Cet amendement propose de rétablir la possibilité de cession totale de l’entreprise dans le cadre du redressement judiciaire. Il est en effet nécessaire de ne pas attendre la liquidation judiciaire pour céder une entreprise, pour diverses raisons.
Tout d’abord, l’impact psychologique d’une liquidation judiciaire sur le débiteur, ses partenaires et ses salariés est beaucoup plus dévastateur que celui d’une cession. Actuellement, la cession de l’entreprise dans le cadre du redressement judiciaire est vécue comme un sauvetage de l’entreprise. Le débiteur, notamment, cherche fréquemment à favoriser l’adoption d’un plan de cession plutôt que de subir la liquidation de son entreprise.

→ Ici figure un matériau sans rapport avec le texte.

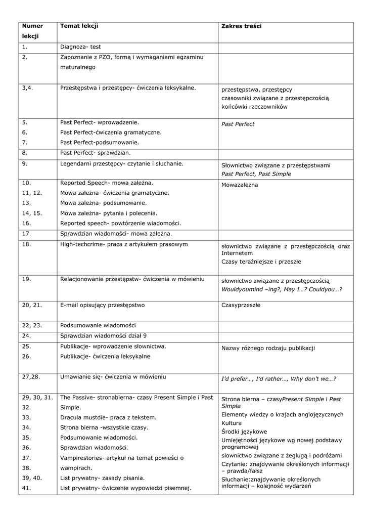 Numer Temat lekcji Zakres treści lekcji 1. Diagnoza- test 2. Zapoznanie z PZO, formą i wymaganiami egzaminu maturalnego 3,4. Przestępstwa i przestępcy- ćwiczenia leksykalne. przestępstwa, przestępcy czasowniki związane z przestępczością końcówki rzeczowników 5. Past Perfect- wprowadzenie. 6. Past Perfect-ćwiczenia gramatyczne. 7. Past Perfect-podsumowanie. 8. Past Perfect- sprawdzian. 9. Legendarni przestępcy- czytanie i słuchanie. Past Perfect Słownictwo związane z przestępstwami Past Perfect, Past Simple 10. Reported Speech- mowa zależna. 11, 12. Mowa zależna- ćwiczenia gramatyczne. 13. Mowa zależna- podsumowanie. 14, 15. Mowa zależna- pytania i polecenia. 16. Reported speech- powtórzenie wiadomości. 17. Sprawdzian wiadomości- mowa zależna. 18. High-techcrime- praca z artykułem prasowym Mowazależna słownictwo związane z przestępczością oraz Internetem Czasy teraźniejsze i przeszłe 19. Relacjonowanie przestępstw- ćwiczenia w mówieniu słownictwo związane z przestępczością Wouldyoumind –ing?, May I…? Couldyou…? 20, 21. E-mail opisujący przestępstwo 22, 23. Podsumowanie wiadomości 24. Sprawdzian wiadomości dział 9 25. Publikacje- wprowadzenie słownictwa. 26. Publikacje- ćwiczenia leksykalne 27,28. Umawianie się- ćwiczenia w mówieniu I’d prefer…, I’d rather…, Why don’t we…? 29, 30, 31. The Passive- stronabierna- czasy Present Simple i Past 32. Simple. Strona bierna – czasyPresent Simple i Past Simple 33. Dracula mustdie- praca z tekstem. 34. Strona bierna -wszystkie czasy. 35. Podsumowanie wiadomości. 36. Sprawdzian wiadomości. Umiejętności językowe wg nowej podstawy programowej 37. Vampirestories- artykuł na temat powieści o słownictwo związane z żeglugą i podróżami 38. wampirach. Czytanie: znajdywanie określonych informacji – prawda/fałsz 39, 40. List prywatny- zasady pisania. 41. List prywatny- ćwiczenie wypowiedzi pisemnej. Czasyprzeszłe Nazwy różnego rodzaju publikacji Elementy wiedzy o krajach anglojęzycznych Kultura Środki językowe Słuchanie:znajdywanie określonych informacji – kolejność wydarzeń Podsumowanie materiału z unitu 10. Sprawdzian wiadomości. Strona bierna: Presentperfect i will Stosowanie różnych form strony biernej Wypowiadanie się na temat zastępowania tradycyjnych książek nowoczesnymi środkami przekazu Wypowiadanie się na temat pisania książek Przedstawianie informacji o pisarzac przedstawianie faktów i opinii, wyrażanie uczuć opisywanie intencji, sugerowanie – list prywatny Mowa zależna Wyrażanie uczuć 42. Człowiek- wprowadzenie słownictwa. 43. Człowiek- ćwiczenia leksykalne. 44. Człowiek- rozumienie ze słuchu. 45. Rozumienie tekstu czytanego. 46. Rozmowa z odgrywaniem roli- ćwiczenia w mówieniu. 47. Zadania maturalne- opis ilustracji. 48. Rozmowa na podstawie materiału stymulującego. 49. Środki językowe – ćwiczenia gramatyczne. 50. Powtórzenie czasów teraźniejszych. 51. Wiadomość na blogu- ćwiczenia w pisaniu. 52. Artykuł- ćwiczenia w pisaniu. 53. Rozwiązywanie zadań egzaminacyjnych. 54. Człowiek- ćwiczenia utrwalające. 55. Powtórzenie wiadomości. 56. Sprawdzianwiadomości. 57. Dom- rozumienie ze słuchu. 58. Dom- ćwiczenia w mówieniu. 59. Prace w domu i w ogrodzie- rozumienie ze słuchu. 60. Miejsce zamieszkania, opis domów, pomieszczeń i 61. wyposażenia- rozumienie tekstu czytanego. 62. Rozmowa z odgrywaniem roli- ćwiczenia w mówieniu. 63. Zadania maturalne- opis ilustracji. 64. Rozmowa na podstawie materiału stymulującego. 65. Znajomość środków językowych- ćwiczenia 66. gramatyczne. 67. Znajomość środków językowych: czasy przeszłe. 68. Doskonalenie umiejętności pisania- e-mail. 69. Doskonalenie umiejętności pisania- list formalny. 70. Rozwiązywanie zadań maturalnych. 71. Utrwalenie wiadomości. Wypowiadanie się na temat przeżytych doświadczeń i planów na przyszłość dane osobowe, wygląd zewnętrzny (phrasalverbs, confusingwords), ubrania (collocations), cechy charakteru, uczucia i emocje, zainteresowania, problemy etyczne miejsce zamieszkania (collocations), opis domu, pomieszczeń w domu i ich wyposażenia (collocations, compoundnouns), prace w domu i w ogrodzie (verbnouncollocations), wynajem, kupno i sprzedaż mieszkania czasyprzeszłe: the past simple, past continuous, past perfect, past perfect continuous, konstrukcjaused to Powtórzeniewiadomości. Sprawdzianwiadomości. 72. Szkoła- ćwiczenia leksykalne. przedmioty szkolne (compoundnouns), oceny 73. Szkoła- ćwiczenia leksykalne. 74. Wydarzeniach z życia codziennego- ćwiczenia w 75. mówieniu. 76. Szkoła- rozumienie ze słuchu. 77. Szkoła- rozumienie tekstu czytanego. 78. Rozmowa z odgrywaniem roli- ćwiczenia w mówieniu. 79. Zadania maturalne- opis ilustracji. 80. Rozmowa na podstawie materiału stymulującego. 81. Środki językowe- ćwiczenia gramatyczne. i wymagania, życie szkolne (verbnouncollocations, collocations), zajęcia pozalekcyjne, system oświaty Znajomość środków językowych- czasy: presentperfectsimple, presentperfectcontinuous, past 82. perfectsimple, past perfectcontinuous. 83. Wiadomość na blogu- ćwiczenia w pisaniu. 84. Rozprawka- ćwiczenia w pisaniu. 85. Rozwiązywanie zadań maturalnych. 86. Szkoła- powtórzenie wiadomości. Szkoła- sprawdzian wiadomości. 87, 88. Review: powtórzenie i utrwalenie wiadomości nabytych w rozdziałach 01─03 89. Praca- ćwiczenia leksykalne. 90. Praca- ćwiczenia leksykalne. 91. Praca- ćwiczenia w mówieniu. 92. Praca- rozumienie ze słuchu. 93. Warunki pracy i zatrudnienia, rynek pracy- rozumienie zawody i związane z nimi czynności (prepositions, adjectives) warunki pracy i zatrudnienia (collocations, compundnouns), praca dorywcza, rynek pracy (phrasalverbs) tekstu czytanego. 94. Rozmowa z odgrywaniem roli- ćwiczenia w mówieniu. 95. Zadania maturalne- opis ilustracji. 96. Rozmowa na podstawie materiału stymulującego. 97. Znajomość środk

D’autre part, la cession totale de l’entreprise a d’autant plus de chances d’assurer la pérennité de celle-ci qu’elle est effectuée tôt. En redressement judiciaire, la cession peut être préparée par le débiteur lui-même, qui connaît bien son entreprise et peut susciter des offres d’acquisition. L’entreprise mise en liquidation judiciaire, en revanche, a généralement perdu des clients, des salariés et une grande partie de la valeur de ses actifs. Ceci explique que les cessions totales effectuées aujourd’hui en liquidation judiciaire, par la procédure de cession d’unité de production, se font souvent à un prix très bas, qui ne permet pas d’apurer le passif dans de bonnes conditions. Par ailleurs, plus la situation économique et financière de l’entreprise se dégrade, plus l’éventualité d’une cession totale devient improbable.